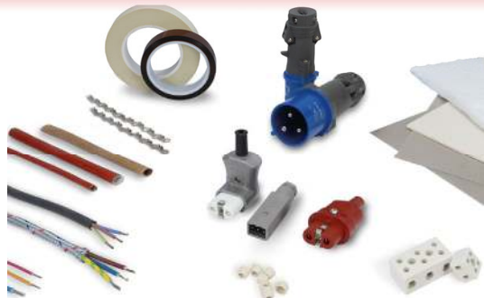
Wires, Cables, Thermometers, Round and Flat Pin Plugs, Heat Insulators and Electrical Insulators, Adhesive Tapes, Fans...
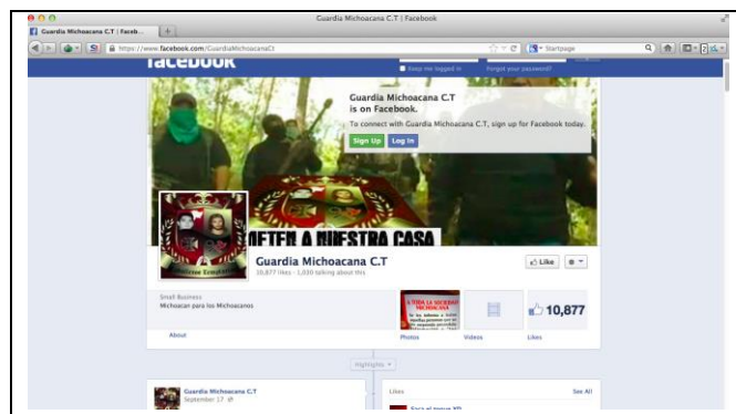
Figure 2. Screenshot of the Knights Templars’s Facebook profile.

The Cartels’ have also taken advantage of more traditional methodologies to distribute propaganda across different areas of operations, which to a great degree are parallel to practices employed by modern conventional forces including face to face communication; the use of print and visual, media; and the distribution of goods with the purpose of shaping the cognitive dimension of the human battlespace. For instance, throughout the country media sources have reported the frequent use of narco-mantas , which are propaganda
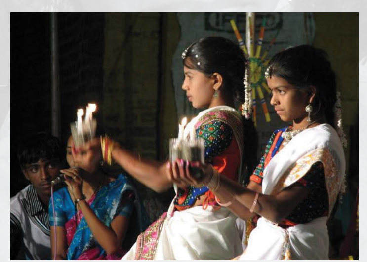
GIRLS PERFORM A TRADITIONAL DANCE AT A CELEBRATION HONORING MAHATMA GANDHI IN GUJARAT.

Imagine the world of a 12-year-old girl in your town or city.
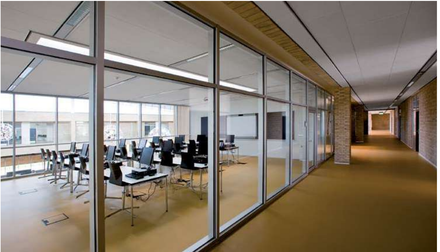
Classroom at A.P. Moller School, Schleswig, Germany, using Rockfon® ceiling tiles

A good wall construction using Rockwool insulation will help reduce noise transmission by more than 50 decibels (dB) – approximately 20 dB more than a construction without insulation. To put this in context, to humans, a 10 dB difference is heard as a doubling (or halving) of the audible sound (Climate & Environment).
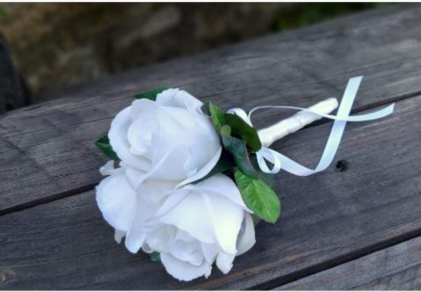
Flower girl posy Price $45
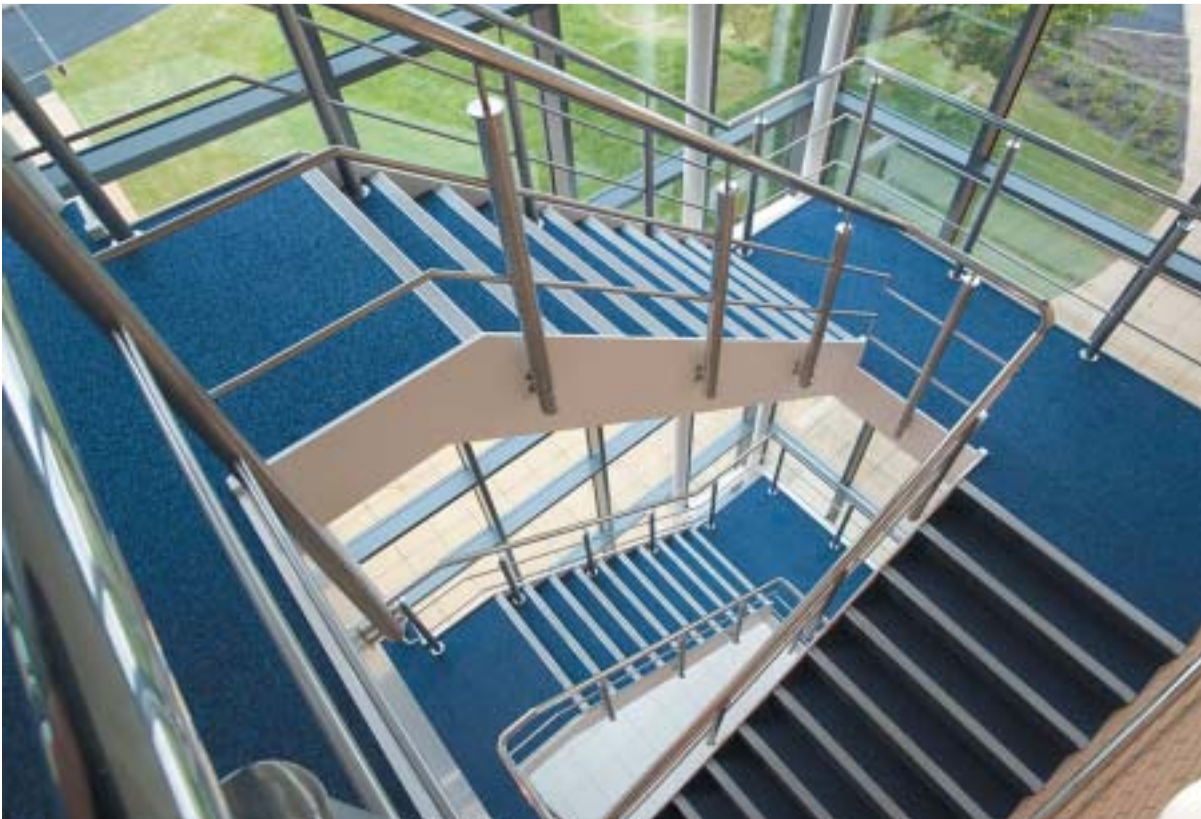
Staircase complete with stainless steel balustrading.
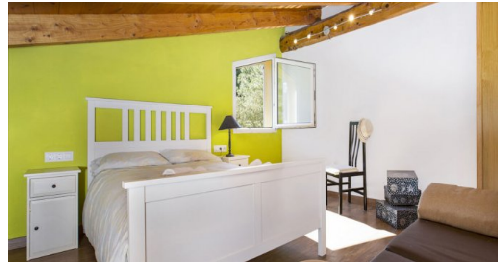
Ferienhaus Lloret Blau an der Costa Brava
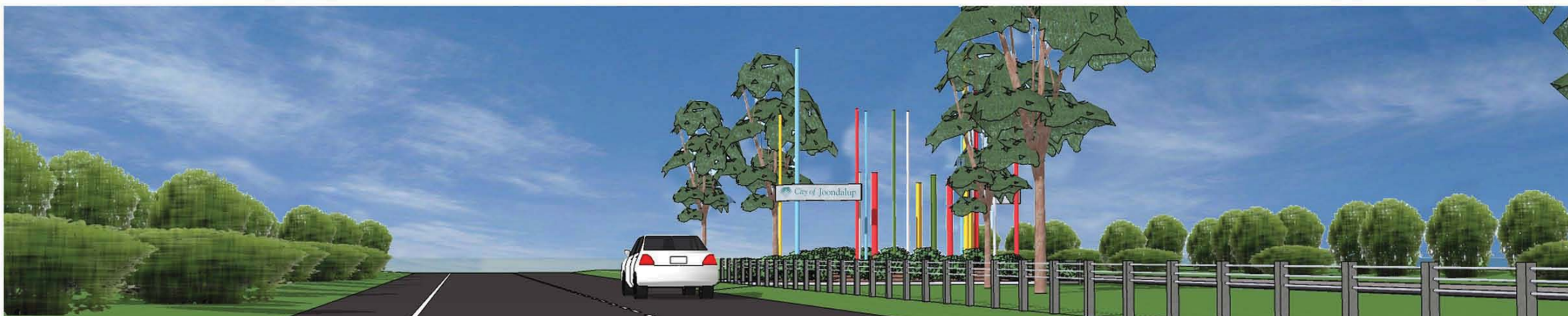
Travelling southwards on Marmion Avenue
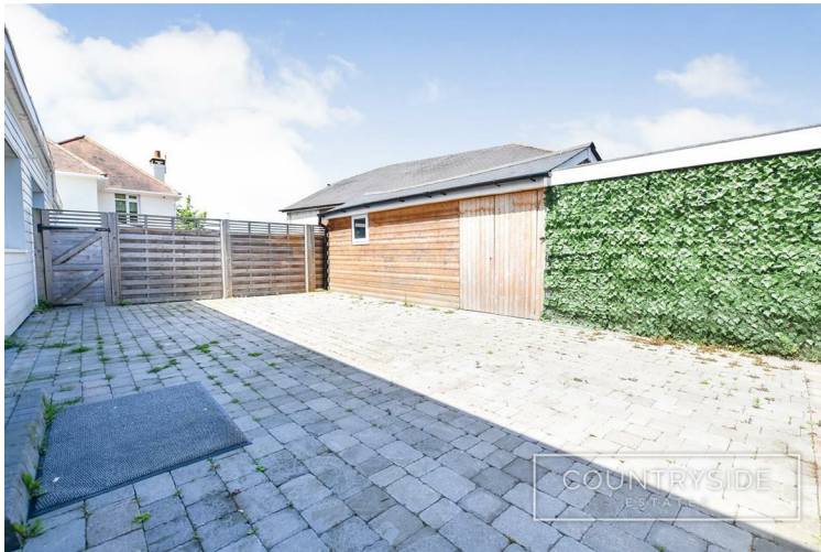
Low maintenance garden with external lighting and water tap.
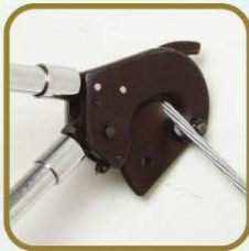
Ideal cutting capability

WHAT THE EXERCISE ASKS: Copy back exactly the lines above from the one containing "Imagine the world" through the one containing "Ferienhaus Lloret Blau an der Costa Brava", and leave every picture behind.

COMPLETED EXERCISE:
Imagine the world of a 12-year-old girl in your town or city.
Classroom at A.P. Moller School, Schleswig, Germany, using Rockfon® ceiling tiles

A good wall construction using Rockwool insulation will help reduce noise transmission by more than 50 decibels (dB) – approximately 20 dB more than a construction without insulation. To put this in context, to humans, a 10 dB difference is heard as a doubling (or halving) of the audible sound (Climate & Environment).
Flower girl posy Price $45
Staircase complete with stainless steel balustrading.
Ferienhaus Lloret Blau an der Costa Brava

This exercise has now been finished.